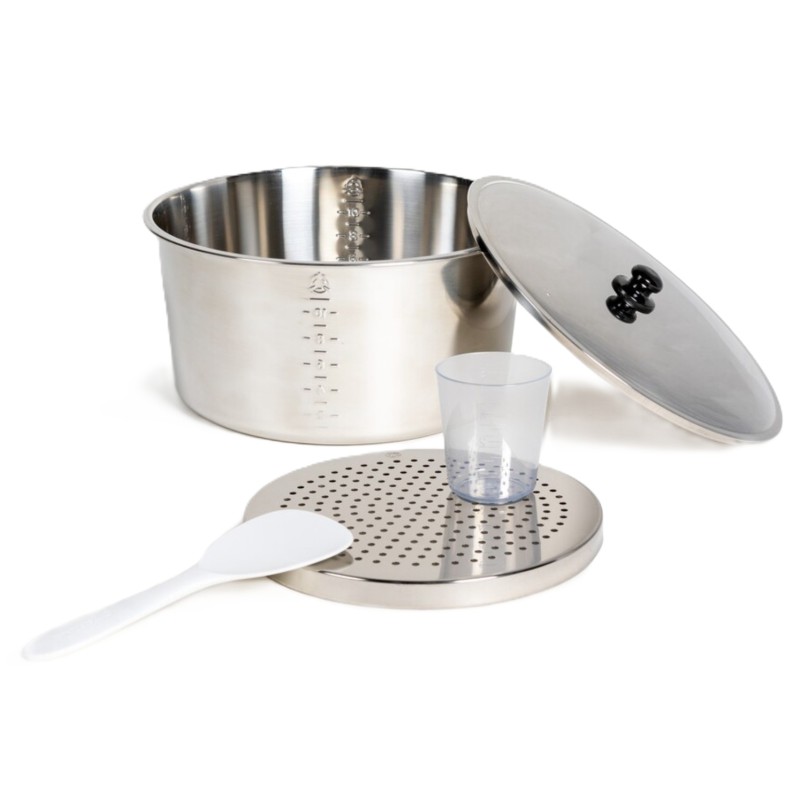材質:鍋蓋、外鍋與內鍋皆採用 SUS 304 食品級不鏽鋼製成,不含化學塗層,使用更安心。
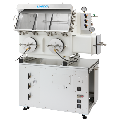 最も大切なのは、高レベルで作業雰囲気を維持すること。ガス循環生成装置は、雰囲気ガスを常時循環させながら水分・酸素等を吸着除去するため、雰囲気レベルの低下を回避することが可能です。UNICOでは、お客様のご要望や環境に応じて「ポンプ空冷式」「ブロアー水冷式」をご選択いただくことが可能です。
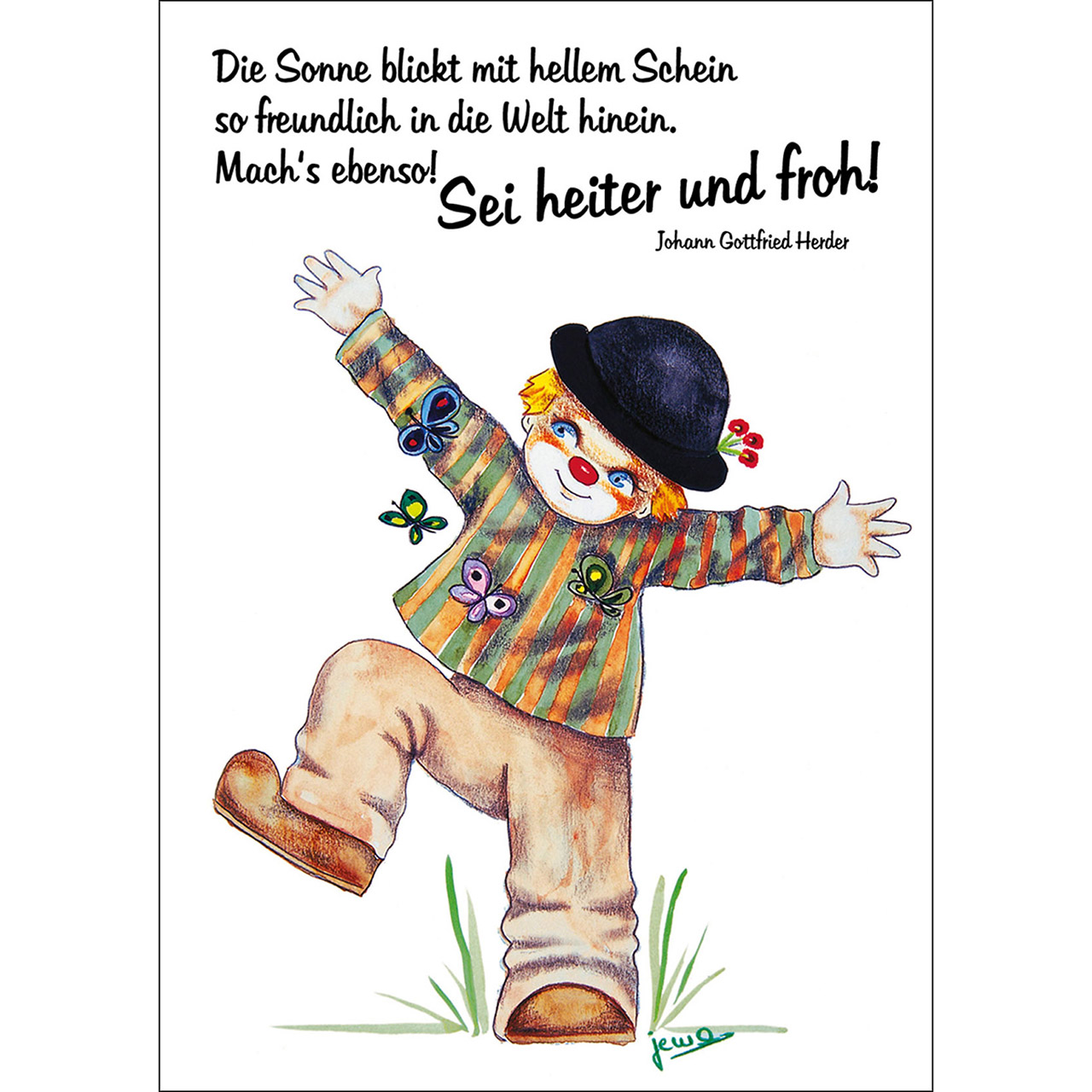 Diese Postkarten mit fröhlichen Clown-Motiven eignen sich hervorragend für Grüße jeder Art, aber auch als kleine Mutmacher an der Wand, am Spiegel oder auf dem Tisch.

★ ★ ★ ★ ★

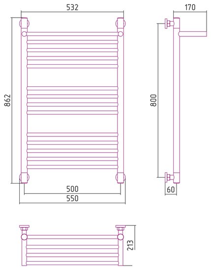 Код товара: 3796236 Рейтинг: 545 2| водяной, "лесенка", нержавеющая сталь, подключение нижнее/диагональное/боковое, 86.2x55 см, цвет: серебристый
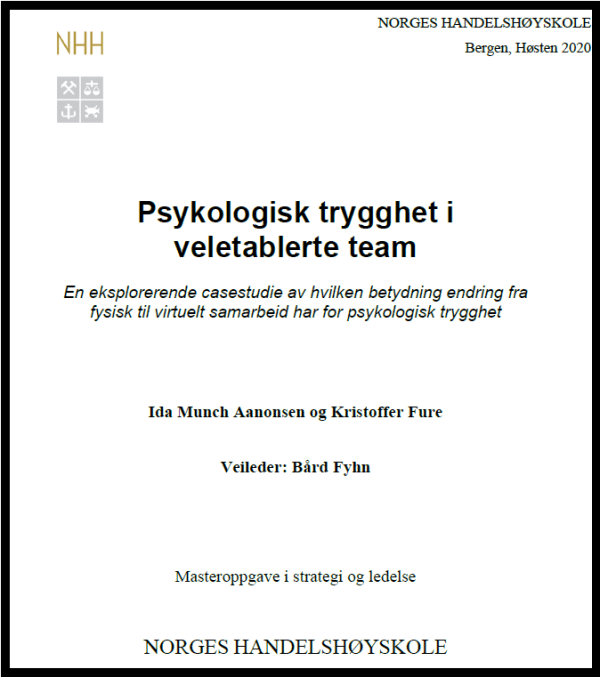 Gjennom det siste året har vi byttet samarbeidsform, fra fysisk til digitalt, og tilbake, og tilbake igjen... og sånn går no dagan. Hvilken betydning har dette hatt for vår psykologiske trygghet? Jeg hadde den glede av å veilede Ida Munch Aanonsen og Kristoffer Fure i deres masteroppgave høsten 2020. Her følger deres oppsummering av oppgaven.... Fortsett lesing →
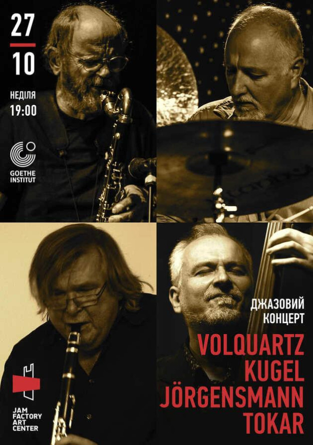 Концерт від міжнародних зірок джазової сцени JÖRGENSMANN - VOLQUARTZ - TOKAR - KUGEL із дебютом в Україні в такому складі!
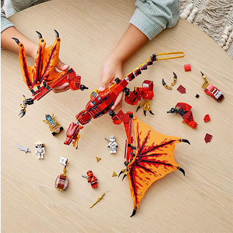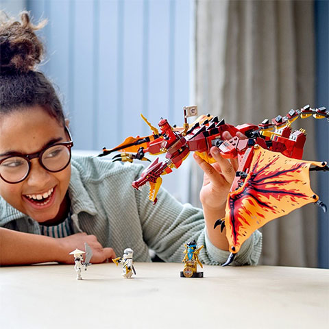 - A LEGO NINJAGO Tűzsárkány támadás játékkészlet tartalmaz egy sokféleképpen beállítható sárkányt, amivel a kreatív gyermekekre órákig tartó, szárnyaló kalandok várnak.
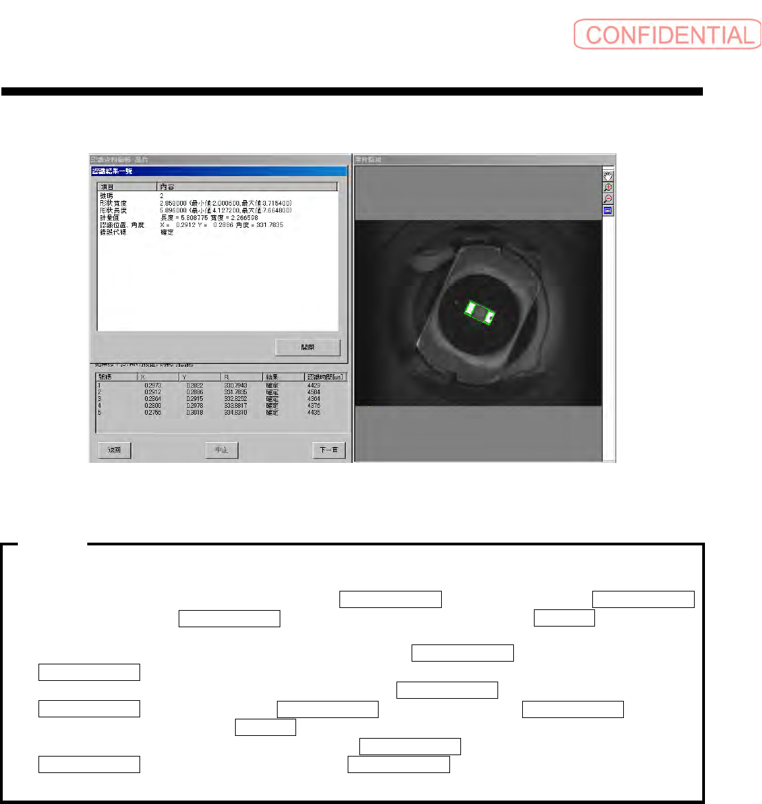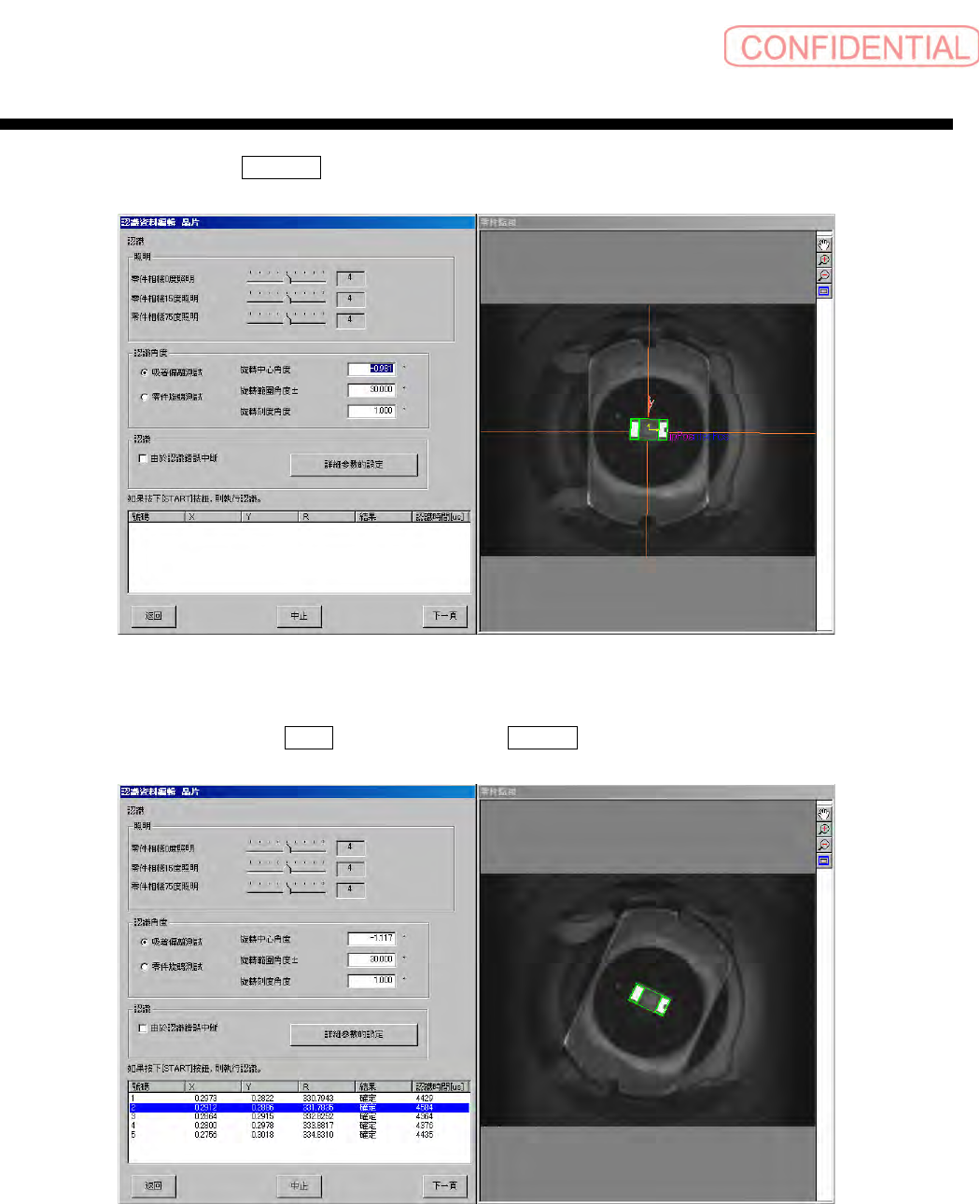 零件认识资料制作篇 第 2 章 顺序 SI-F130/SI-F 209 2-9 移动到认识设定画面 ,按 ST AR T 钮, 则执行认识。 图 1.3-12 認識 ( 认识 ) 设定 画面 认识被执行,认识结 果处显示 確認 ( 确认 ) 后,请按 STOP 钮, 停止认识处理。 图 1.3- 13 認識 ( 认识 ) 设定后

★ ★ ★ ★ ★

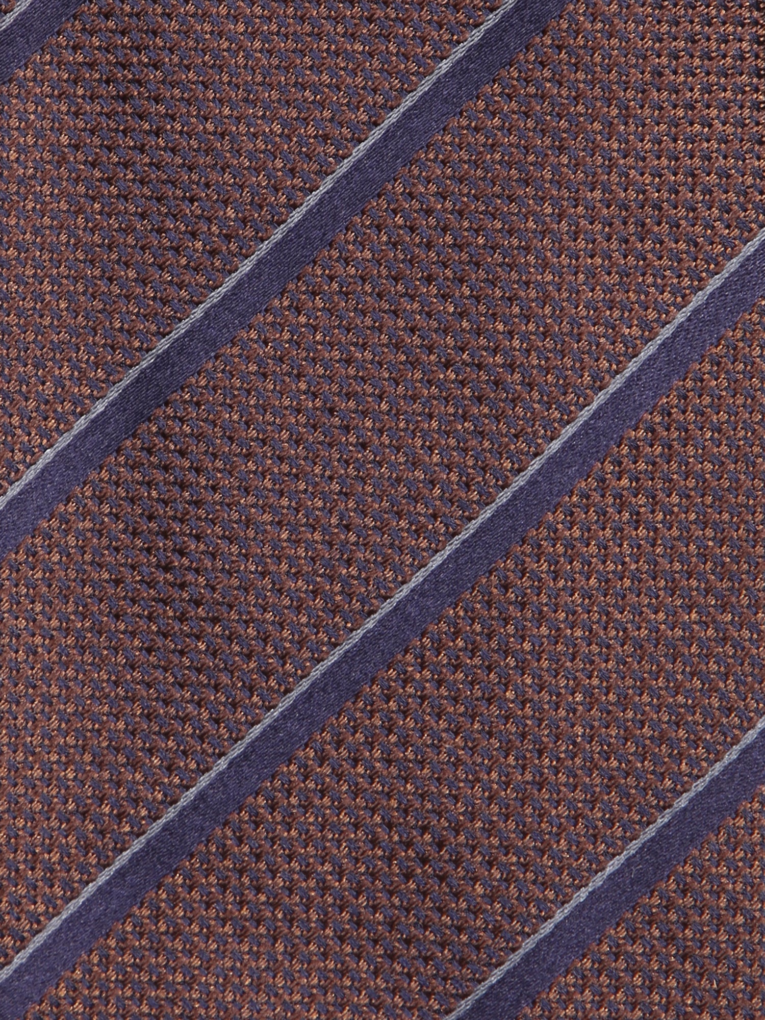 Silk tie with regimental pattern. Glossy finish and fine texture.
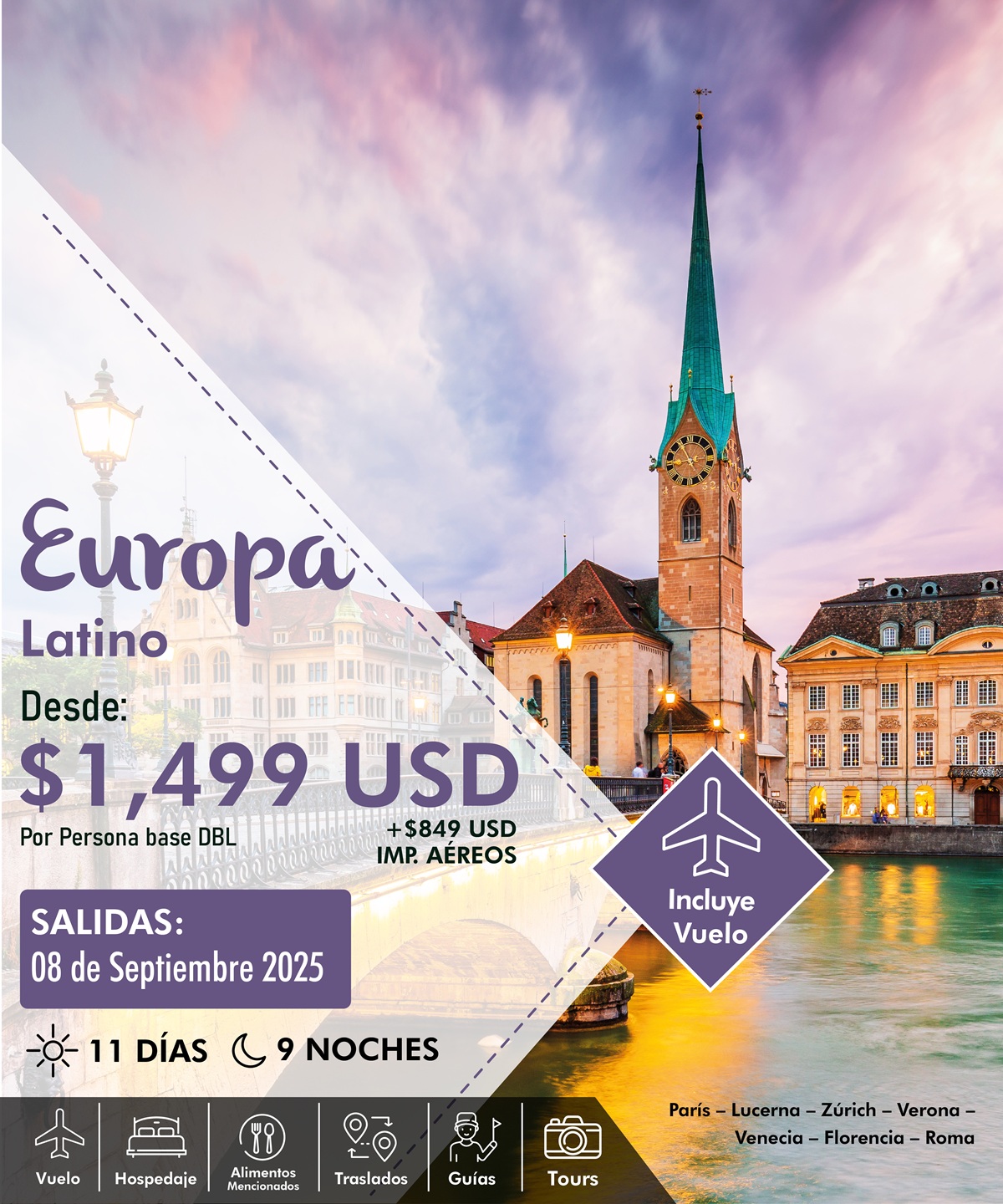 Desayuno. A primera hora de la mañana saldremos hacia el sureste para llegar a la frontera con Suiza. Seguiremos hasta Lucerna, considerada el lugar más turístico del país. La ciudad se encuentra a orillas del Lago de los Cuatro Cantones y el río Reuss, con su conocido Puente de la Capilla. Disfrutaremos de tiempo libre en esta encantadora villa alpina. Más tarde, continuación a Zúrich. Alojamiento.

★ ★ ★ ★ ★

◆ AIM OF THE TASK: Give again the lines of the listing above that run from the one with "Код товара: 3796236" up to and including the one with "零件认识资料制作篇 第 2". Keep them exact and omit the pictures.

◆ EXERCISE RESPONSE:
 Код товара: 3796236 Рейтинг: 545 2| водяной, "лесенка", нержавеющая сталь, подключение нижнее/диагональное/боковое, 86.2x55 см, цвет: серебристый
 Gjennom det siste året har vi byttet samarbeidsform, fra fysisk til digitalt, og tilbake, og tilbake igjen... og sånn går no dagan. Hvilken betydning har dette hatt for vår psykologiske trygghet? Jeg hadde den glede av å veilede Ida Munch Aanonsen og Kristoffer Fure i deres masteroppgave høsten 2020. Her følger deres oppsummering av oppgaven.... Fortsett lesing →
 Концерт від міжнародних зірок джазової сцени JÖRGENSMANN - VOLQUARTZ - TOKAR - KUGEL із дебютом в Україні в такому складі!
 - A LEGO NINJAGO Tűzsárkány támadás játékkészlet tartalmaz egy sokféleképpen beállítható sárkányt, amivel a kreatív gyermekekre órákig tartó, szárnyaló kalandok várnak.
 零件认识资料制作篇 第 2 章 顺序 SI-F130/SI-F 209 2-9 移动到认识设定画面 ,按 ST AR T 钮, 则执行认识。 图 1.3-12 認識 ( 认识 ) 设定 画面 认识被执行,认识结 果处显示 確認 ( 确认 ) 后,请按 STOP 钮, 停止认识处理。 图 1.3- 13 認識 ( 认识 ) 设定后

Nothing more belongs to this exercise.